● **What the exercise asks**
Copy out exactly the lines spanning the line with "If you click" to the line with "Kúsok horskej prírody", inclusive, from the data underneath, with no pictures.

=== Data extracts ===

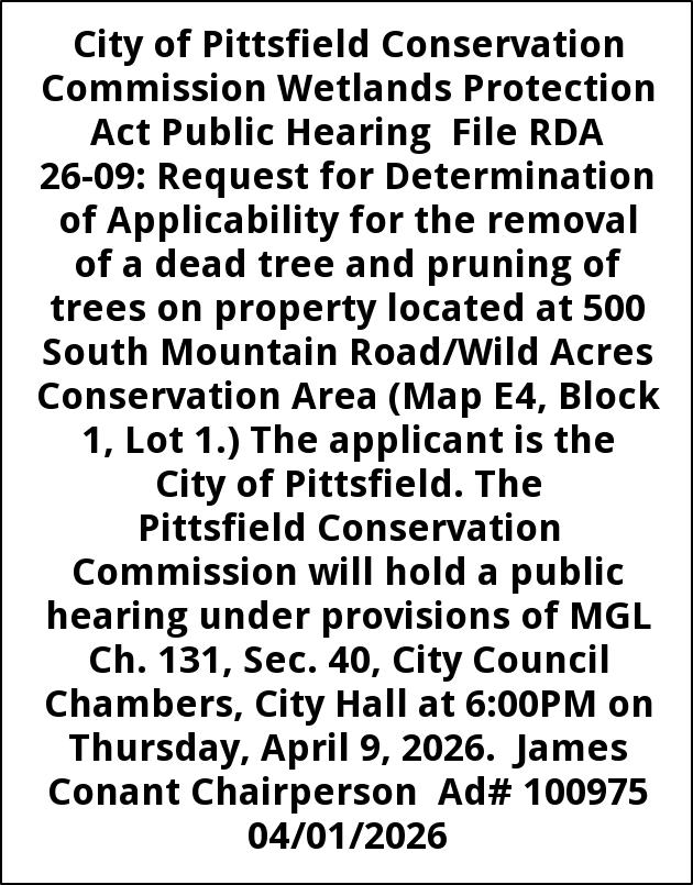City of Pittsfield Conservation Commission Wetlands Protection Act Public Hearing File RDA 26-09: Request for Determination of Applicability for the removal of a dead tree and pruning of trees on property located at 500 South Mountain Road/Wild Acres Conservation Area (Map E4, Block 1, Lot 1.) The applicant is the City of Pittsfield. The Pittsfield Conservation Commission will hold a public hearing under provisions of MGL Ch. 131, Sec. 40, City Council Chambers, City Hall at 6:00PM on Thursday, April 9, 2026. James Conant Chairperson Ad# 100975 04/01/2026
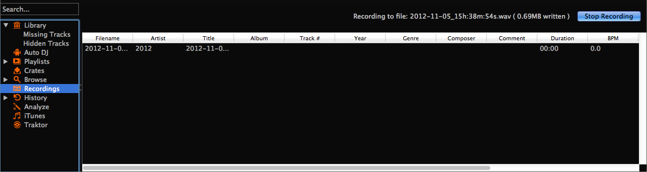 If you click on the Recordings icon in the sidebar of the Mixxx library, the track table to the right displays the content of your recordings directory. New recordings are automatically saved to this directory as well as CUE files if you choose to create them in the preferences.
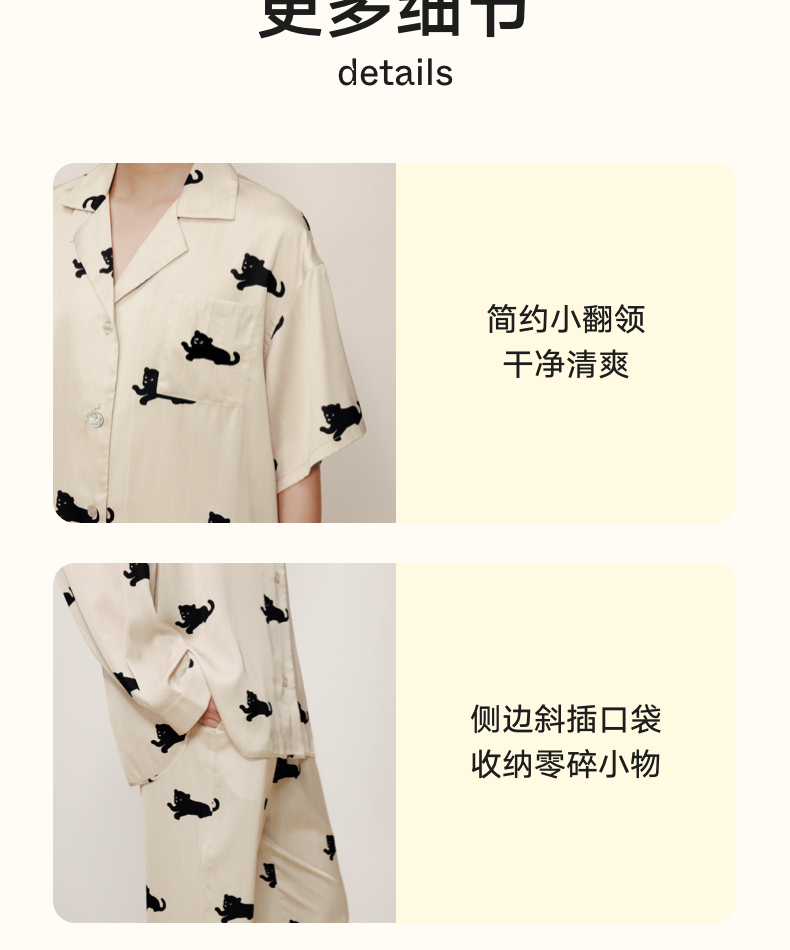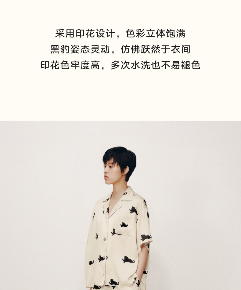 “都市野兽”黑豹星光缎短款家居服套装 驼金色
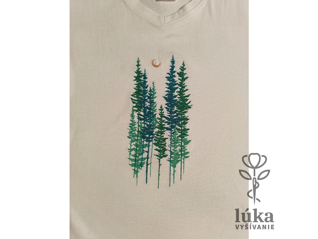 Kúsok horskej prírody vo forme elegantnej výšivky ihličnanov v odtieňoch smaragdovej a tyrkysovej pod jemným zlatým mesiacom. Kvalitné biele tričko s V-výstrihom pre milovníkov čistého dizajnu.
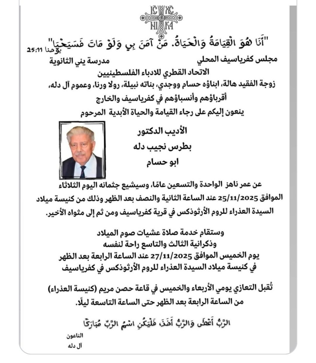 مصدر الصورة في كفر ياسيف. تقام خدمة صلاة عشيات صوم الميلاد وذكرانية الثالث والتاسع راحة لنفس الفقيد يوم الخميس الموافق 27.11.2025 عند الساعة الرابعة بعد الظهر في كنيسة ميلاد السيدة العذراء في كفر ياسيف. تقبل التعازي يومي الاربعاء والخميس في قاعة حصن مريم "كنيسة العذراء" من الساعة الرابعة بعد الظهر حتى التاسعة مساء.
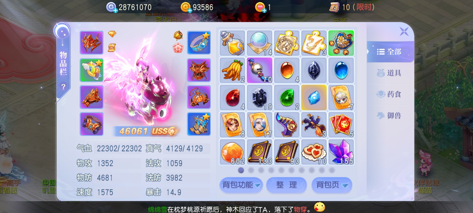 安卓官方 69极品号,便宜出手 宠物介绍:十几只成品宠物 装备介绍:基本全满 战斗力:33000
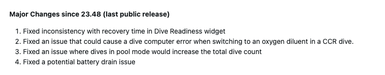Garmin s'est également attaqué à un problème lié à l'indicateur d'aptitude à la plongée de la Descent G2, où le temps de récupération pouvait être incohérent. Des correctifs ont été apportés aux problèmes liés aux plongées enregistrées en mode piscine, à l'augmentation inattendue du nombre total de plongées et à une erreur de l'ordinateur de plongée survenant lorsque l'utilisateur passait à un diluant d'oxygène pour une plongée CCR.
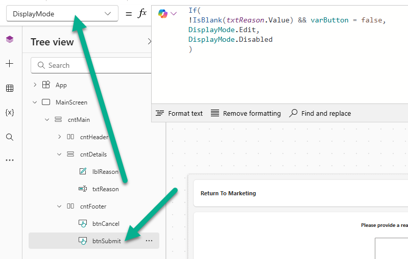 If( !IsBlank(txtReason.Value) && varButton = false, DisplayMode.Edit, DisplayMode.Disabled )

===

● **Problem solution**
 If you click on the Recordings icon in the sidebar of the Mixxx library, the track table to the right displays the content of your recordings directory. New recordings are automatically saved to this directory as well as CUE files if you choose to create them in the preferences.
 “都市野兽”黑豹星光缎短款家居服套装 驼金色
 Kúsok horskej prírody vo forme elegantnej výšivky ihličnanov v odtieňoch smaragdovej a tyrkysovej pod jemným zlatým mesiacom. Kvalitné biele tričko s V-výstrihom pre milovníkov čistého dizajnu.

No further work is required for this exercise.